Whereas economic insecurity is reflected in income losses associated with adverse events, trends in insecurity are shaped by the surrounding socioeconomic and institutional context. The polarization of labor markets and family structure combined with the expansion of employment-based income support are likely associated with increased income insecurity, especially for low-income children.

Labor market polarization is reflected in the significant growth of the employment share of low-wage jobs since the 1990s (Autor and Dorn 2009). Research on job quality—measuring health benefits, hours, overtime, and workplace safety—has found that working conditions deteriorated in low-pay jobs as wage inequality increased (Fligstein and Shin 2004; Hamermesh 1999; Kalleberg 2011). If health and sickness benefits and workplace safety stabilize incomes by keeping workers on the job and compensating lost earnings, we can expect greater income instability for low-pay workers and their families. Low-pay jobs are also more likely to be temporary or part-time, and irregular working hours may also add to income insecurity.

Parallel to changes in the labor market, family structure also became more polarized. Since the 1970s, nonmarital birth rates and single parenthood increased among parents with little schooling (McLanahan 2004). Marriage was increasingly concentrated among couples with more income and schooling, and marriage itself became more stable, at least since the early 1990s (Ellwood and Jencks 2004; McLanahan 2009). Single-parent families may be more economically insecure because family income is more dependent on a single adult, and the risk-pooling of married couples is not possible. Consistent with the economic instability of single-parent families, cross-sectional analysis shows greater income inequality among single-parent than two-parent families (Western et al. 2008). As single-parenthood increased, cohabiting unions, at high risk of dissolution, also became more common for low-income parents (Bumpass and Lu 2000).
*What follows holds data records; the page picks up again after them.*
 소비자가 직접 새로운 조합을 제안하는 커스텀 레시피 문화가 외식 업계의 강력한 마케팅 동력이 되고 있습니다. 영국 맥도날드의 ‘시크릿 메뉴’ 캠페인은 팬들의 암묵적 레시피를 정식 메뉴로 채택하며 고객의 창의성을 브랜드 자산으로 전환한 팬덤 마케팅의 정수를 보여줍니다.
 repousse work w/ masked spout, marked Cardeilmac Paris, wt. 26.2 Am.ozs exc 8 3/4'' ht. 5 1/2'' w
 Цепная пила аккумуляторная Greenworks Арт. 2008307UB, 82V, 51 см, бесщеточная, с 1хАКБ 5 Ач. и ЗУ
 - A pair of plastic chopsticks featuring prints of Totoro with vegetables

Trends in work and family composition together suggest that income insecurity is not just greater at the bottom of the income distribution; insecurity has likely increased for low-income families. Income insecurity may have increased for low-pay workers, and family life may have become more economically unstable with rising rates of single parenthood and cohabitation. Suggestive of increased insecurity among low-income children, income instability increased greatly in low-income households and in households with unmarried parents (Dahl et al. 2011), contrasting with the popular picture of rising insecurity in the middle class (Hacker 2006; Sullivan et al. 2000). The term “middle class” often lacks a precise definition for popular commentators. Our analysis explores the entire income distribution by examining trends in large income losses for low-income, middle-income, and high-income children.
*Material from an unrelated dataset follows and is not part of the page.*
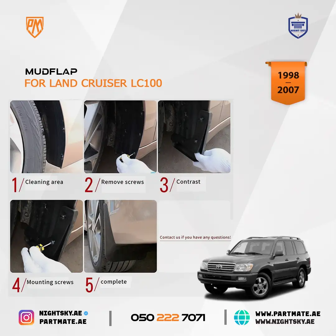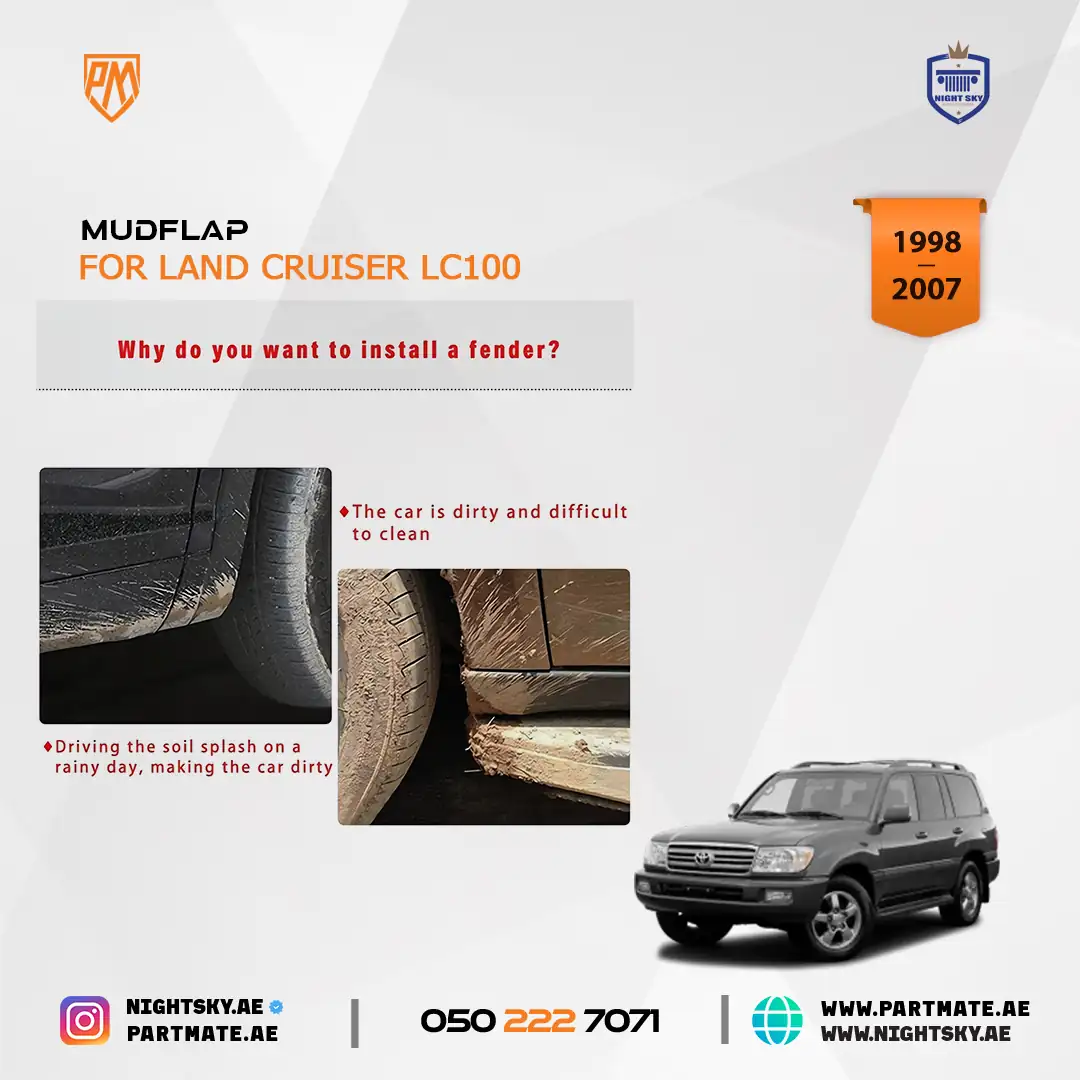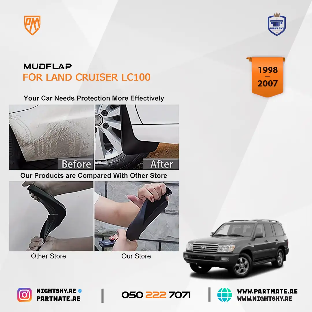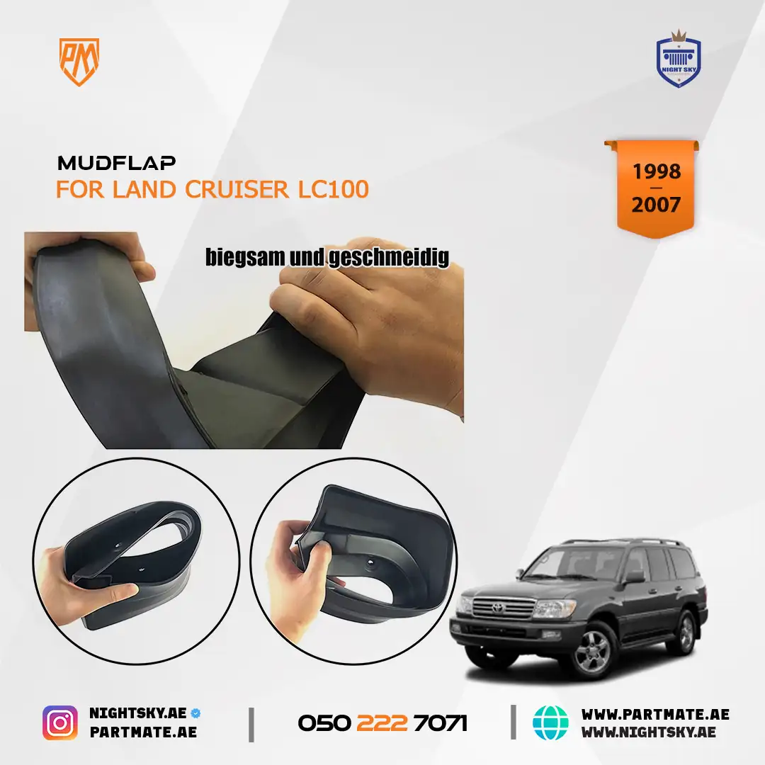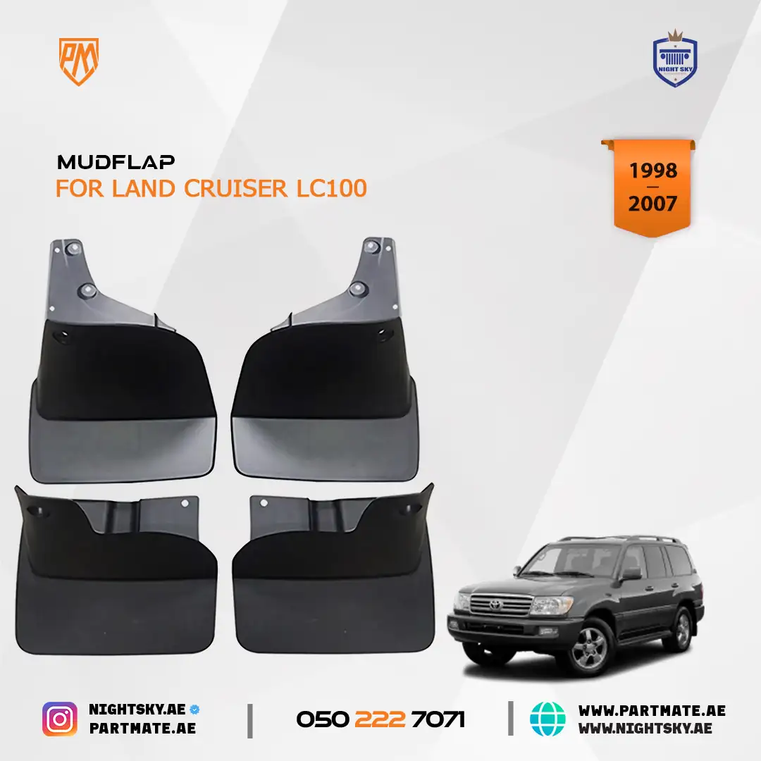 The Mudflap Fender Mud Guard Set is designed to protect your Toyota Land Cruiser LC100 / FJ100 from mud, stones, and road debris. Compatible with models from 1998 to 2007, these splash flaps help keep your vehicle cleaner while reducing paint and underbody damage—ideal for daily driving and off-road conditions in Dubai, Sharjah, and across the UAE.

The effects of bad jobs and fragile families may be attenuated by insurance institutions—public or private—that help spread the costs of adversity across a broad risk pool. Although income support for disadvantaged families has not declined, safety net programs increasingly depend on paid employment (Moffitt and Scholz 2010). The Earned Income Tax Credit (EITC)—paying a yearly lump-sum benefit to low-income working parents to working families—grew through the 1990s to become a major income support program (Mendenhall et al. 2012). In addition, work requirements for income support programs have expanded since the early 1970s, culminating in the 1996 welfare reform with passage of the Personal Responsibility and Work Opportunity Reconciliation Act (PRWORA). Research on the effects of welfare reform has found that employment increased among poor single mothers, and average incomes did not decline as assistance to low-income families became more closely linked to employment (Blank 2004; Grogger and Karoly 2008; Moffitt 2008). Although average incomes were sustained, income insecurity may have increased as low-income families came to rely more on earnings than cash transfers (Bania and Leete 2009).
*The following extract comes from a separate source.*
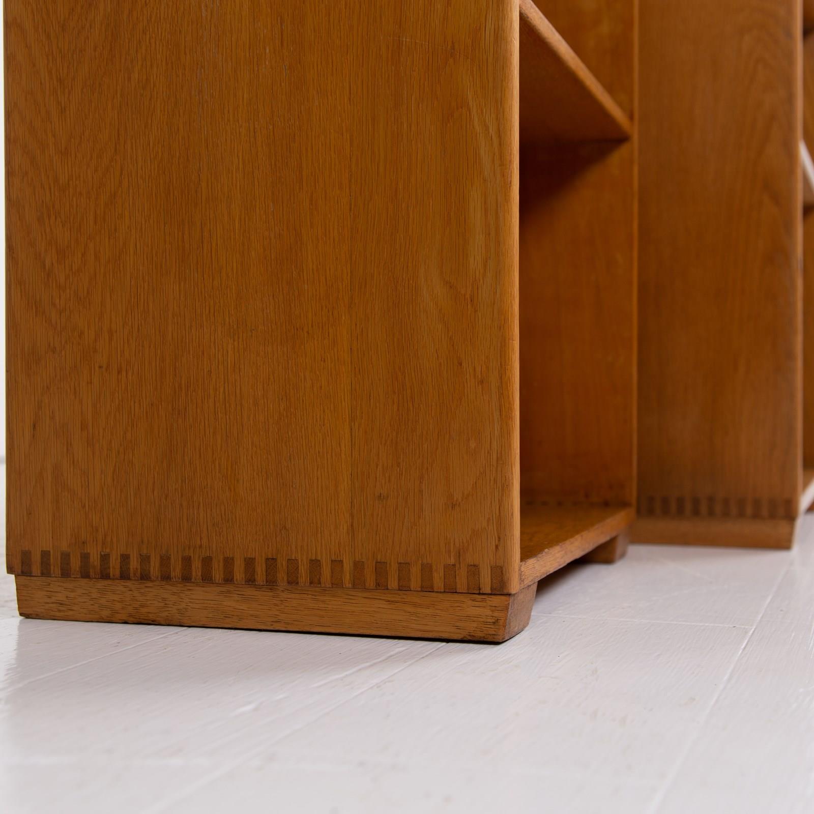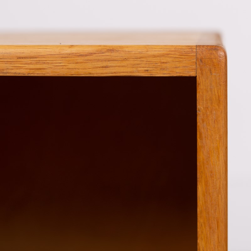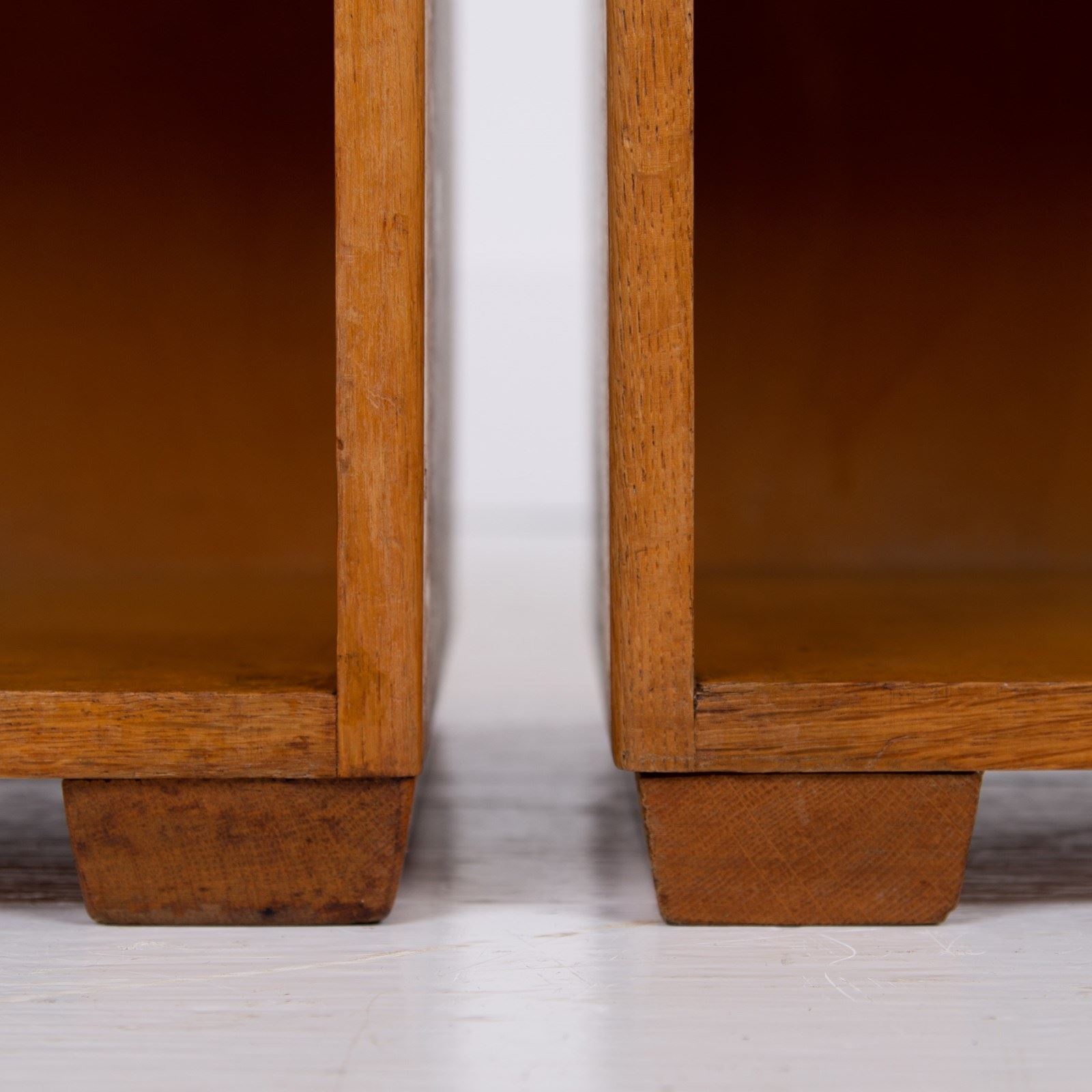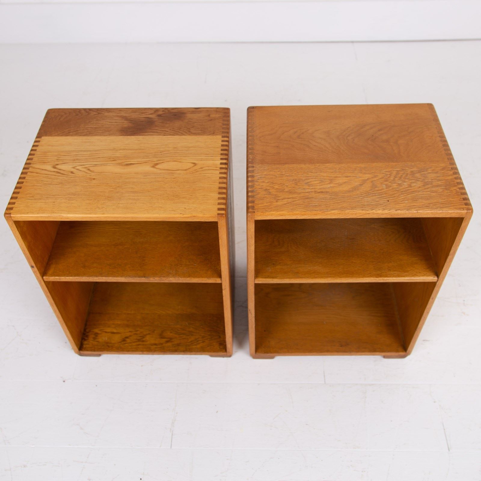 A very well designed pair of oak military issue side tables/cabinets, perfect as bedsides or paired with an armchair. So many times keeping design straightforward works and these with the open finger joints, little oblong feet and aligned lines using solid oak are fabulous.

In sum, we hypothesize that shifts in economic and institutional contexts are associated with increasing income insecurity, but income insecurity has likely increased most for low-income families. Much of the increased insecurity is likely related to employment, family composition, and their dynamics. The polarization of labor markets and family composition has curtailed risk-pooling through the reduced availability of employer-provided benefits and within families through increased rates of single parenthood and cohabitation. Income support programs have also become more closely tied to employment, perhaps further increasing insecurity by exposing low-income families to income losses through unemployment.

## Analyzing Income Insecurity

To analyze income insecurity, we distinguish income losses from income gains and associate adverse events with unusually large income losses at the tail of the distribution of income fluctuations. The analysis fits quantile regressions to the change in children’s log monthly family income. Quantile regressions relate independent variables to different percentiles of a dependent variable (Koenker 2005). For example, whereas least squares regression predicts the mean of a dependent variable given independent variables, median quantile regression predicts the median. Particularly useful for our analysis, the quantile regressions estimate extreme income losses associated with unemployment and family dissolution.

When insecurity is acute, the income losses associated with unemployment and union dissolution will be large, falling in the tails of the distribution of income changes. We focus on extreme quantiles of income changes at the 5th and 95th percentiles because income instability has grown most at the tails of the distribution of income fluctuations, but we also explore the sensitivity of our results across a range of quantiles. At the 5th and 95th percentiles, coefficients from the regressions can be interpreted as describing extreme losses or gains that happen 5 % of the time. Analyzing extreme quantiles also protects against the effects of survey redesign. SIPP income questions were significantly changed in 2004 (Moore 2007), increasing the number of small or zero income changes compared with earlier years. By analyzing extreme quantiles, our estimates are robust to the effects of survey redesign, which are concentrated in the middle of the distribution of income changes.

Independent variables for the analysis of children’s income instability fall into three broad categories. First, all children are assigned to one of three income classes defined by terciles of the family income distribution measured in the baseline survey. A key objective of the analysis is to understand the relative increase in income instability for low-income children in the bottom third of the income distribution. Second, we also control for socioeconomic variation measured by parental age, education, and race and ethnicity. Third, we estimate the effects of employment and family composition with static measures of the number of earners and married or cohabiting parents and with dynamic measures of family and employment change. Dynamic measures, including indicators for job loss and romantic union dissolution, capture the association between adverse events and income fluctuations. Because the income effects of changing employment may not work symmetrically, we include separate indicators for gaining an earner and losing an earner. Similarly, separate indicators are included for entry and exit from marriage and cohabitation. (Predictors are detailed in Online Resource 1.)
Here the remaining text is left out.